So, why exactly is it that the only true government-run health care systems are for old people, poor people, soldiers and military veterans?
I think it’s really because most of the patients in those systems are too poor, sick or frail to speak up for themselves, or because the patients are used to following orders and mentally unprepared to take on a system.
Most of the time, Congress puts private companies in charge of benefits decisions not because our leaders are such ardent capitalists, but because they don’t want to be the ones responsible for saying no.

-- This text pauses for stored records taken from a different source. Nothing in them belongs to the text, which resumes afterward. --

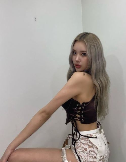 모모랜드 주이가 파격적인 의상으로 시선을 끌었다.
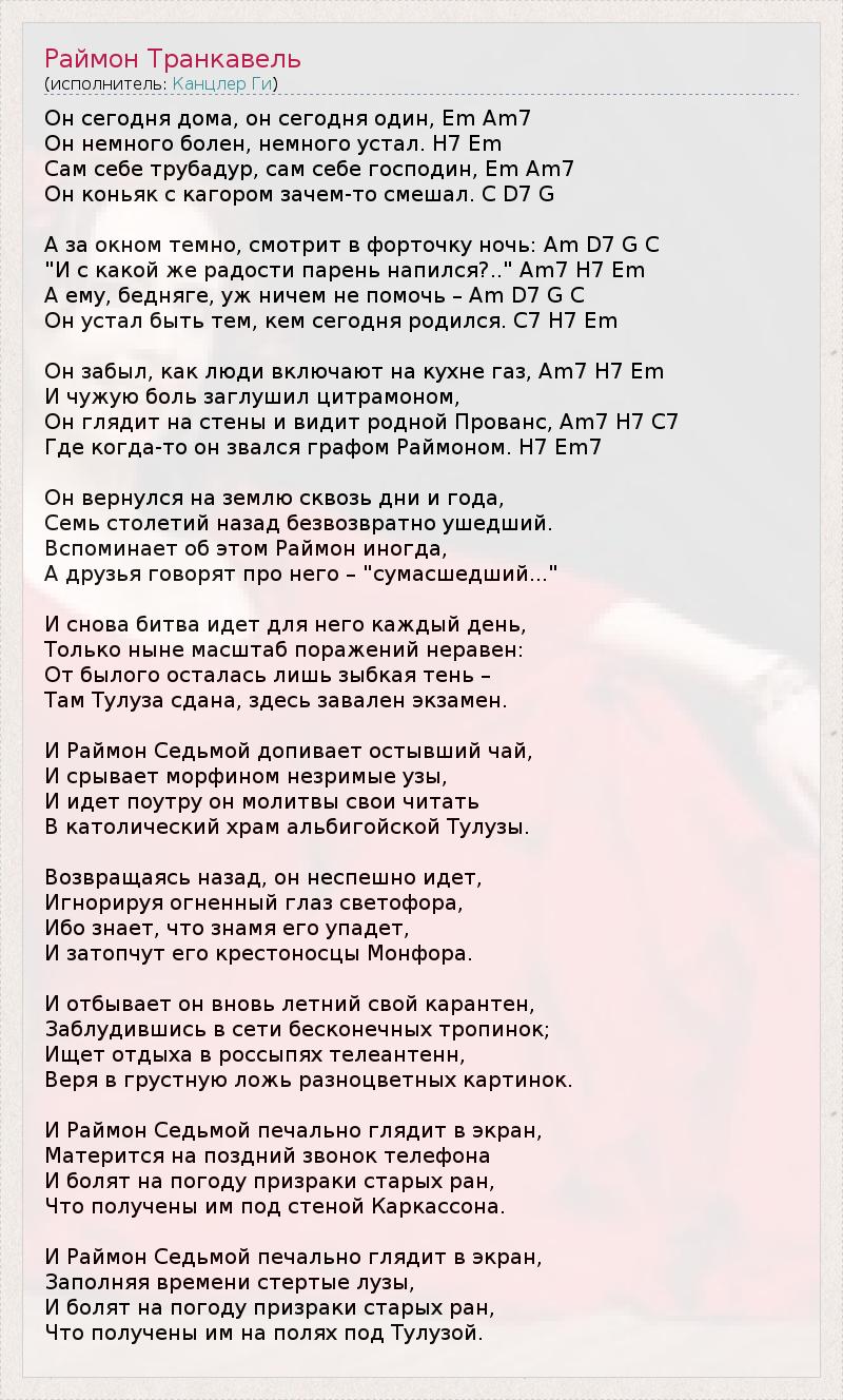 А как ты думаешь, о чем песня "Раймон Транкавель" ?
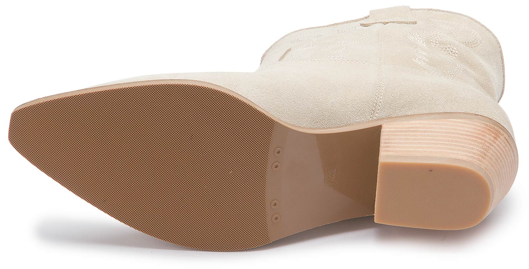 Ob bei Festivals oder bei besonderen Anlässen – mit dem modischen Westernboot von Miotti triffst du stets den richtigen Ton in Sachen Stil! Gefertigt aus geschmeidigem, besticktem beigem Leder, kombiniert er authentisches Design mit herausragendem Tragekomfort und langer Lebensdauer. Die kunstvollen Stickereien verleihen dem Boot eine unverwechselbare Note und setzen ein klares Fashion-Statement. Zeige deine Abenteuerlust und tauche ein in den Charme des Westens – trendbewusst, zeitlos und voller Eleganz!
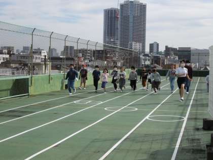 お天気もよく、校庭、屋上、体育館、教室などいろいろな所を使ってみんなで楽しく遊びました。
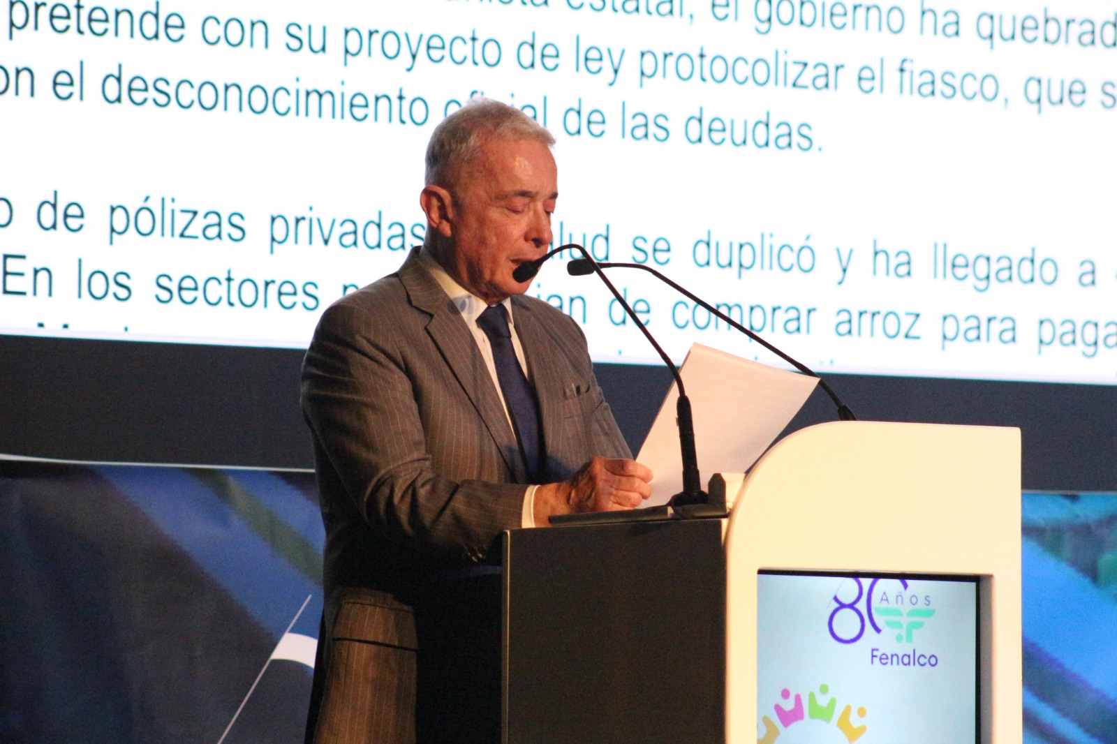 El expresidente Álvaro Uribe Vélez intervino en la asamblea de Fenalco celebrada en Medellín, donde lanzó duras críticas contra el gobierno del presidente Gustavo Petro, al que acusó de llevar al país hacia la “destrucción neocomunista” con un modelo de gasto público desbordado, altos impuestos y políticas que, según él, han golpeado al comercio, la inversión y la generación de empleo.
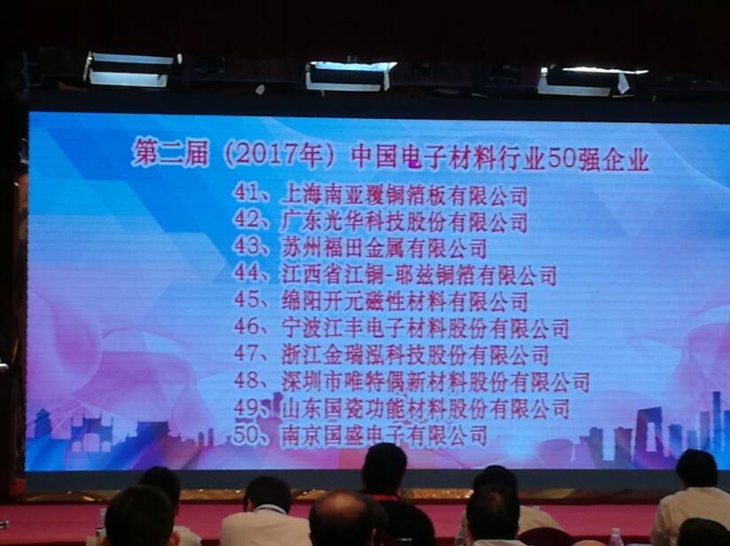 大會重磅發布了第二屆(2017年)中國電子材料五十強企業,以及相關電子材料專業十強企業名單。光華科技憑借在專用電子化學品領域的突出表現,光榮入選中國電子材料五十強,并被評為電子化工材料十強企業!
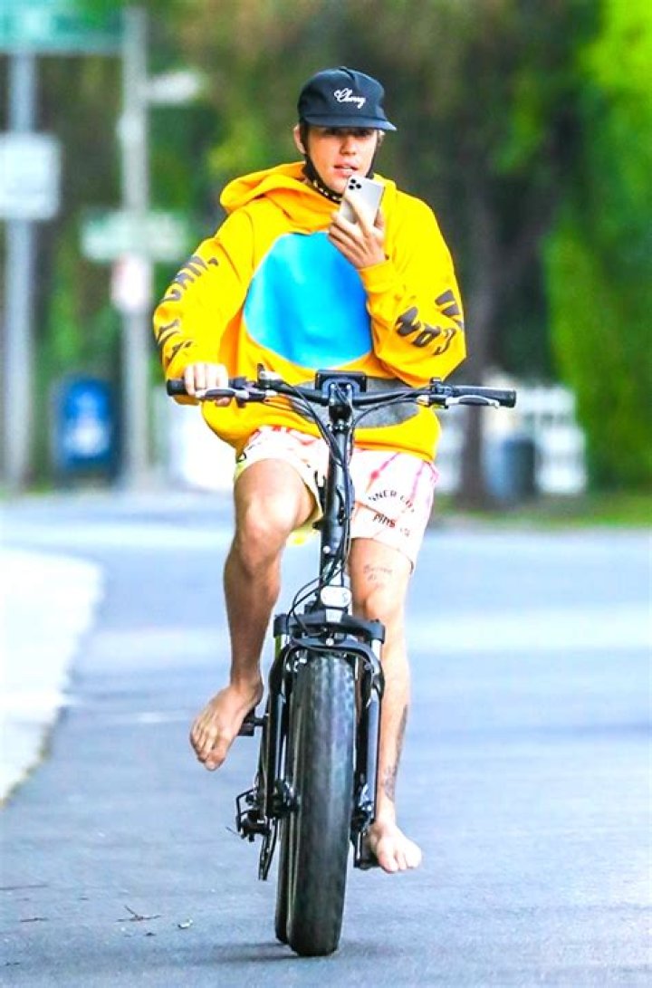 Justin Bieber took a break from quarantine to go for a barefoot bike ride in Beverly Hills. The “Sorry” hitmaker touched down in California on May 21 after a lengthy lockdown in Canada with his wife Hailey Baldwin, 23, and hit the streets in a bright yellow hoodie as he zoomed around on his motorized bike. The 26-year-old wore a Drew-branded face mask, which he pulled down below his chin as he chatted to someone on the phone. He also paired his hoodie, which read ‘That’s On God! Jesus Is King’, with a black baseball cap and tie-dye shorts.

Even if they’re budget hawk conservatives, members of Congress want to be in a position to wag their fingers at the insurance companies if the companies refuse to pay for (experimental, likely futile, extremely expensive) surgery for a photogenic child with parents who had a combined total of 100,000 Twitter followers and Facebook friends before they even got married.
On the one hand, certainly, there are greedy, insensitive jerks in the insurance industry, and it could be that the government has actually been paying too much to mediocre Medicare Advantage plans.
Jonathan Blum, the head of Medicare, testified about a year ago that the gap between per-capita support for enrollees in the traditional, government-run Medicare program and enrollees in private Medicare plans had shrunk to 4 percent in 2013, from 14 percent a few years earlier. But, of course, even if that 4 percent is now 2 percent, that 2 percent is a lot of money. Medicare managers should do something about that 2 percent.
But, on the other hand, I was just reading an editorial about the topic by the Bloomberg editors and wondering how much fun editors will have in their own personal lives when Bloomberg takes a budget cleaver to their health benefits and gives those healthy, young and hypereducated folks the kind of lovely “skin in the game” that Democrats and Republicans alike now want to give the frail older people in Medicare.
To some extent, Medicare Advantage may cost more because of inefficiency.
But it also costs more because it gives enrollees the kind of low-hassle care we’d all want for our loved ones, not technically competent refugee hospital-level care that will keep people who are willing to camp out in a doctor’s office alive long enough to spend their last days worrying about medical bills they’ll never actually be able to pay.
A few years ago, I naively signed up for a high-deductible plan that gave me some skin in the game. I’m young. I have a bachelor’s degree in economics, and many clips based on interviews with the developers of the modern U.S. health account programs. I’d interviewed all sorts of Davos-caliber experts on health care cost transparency.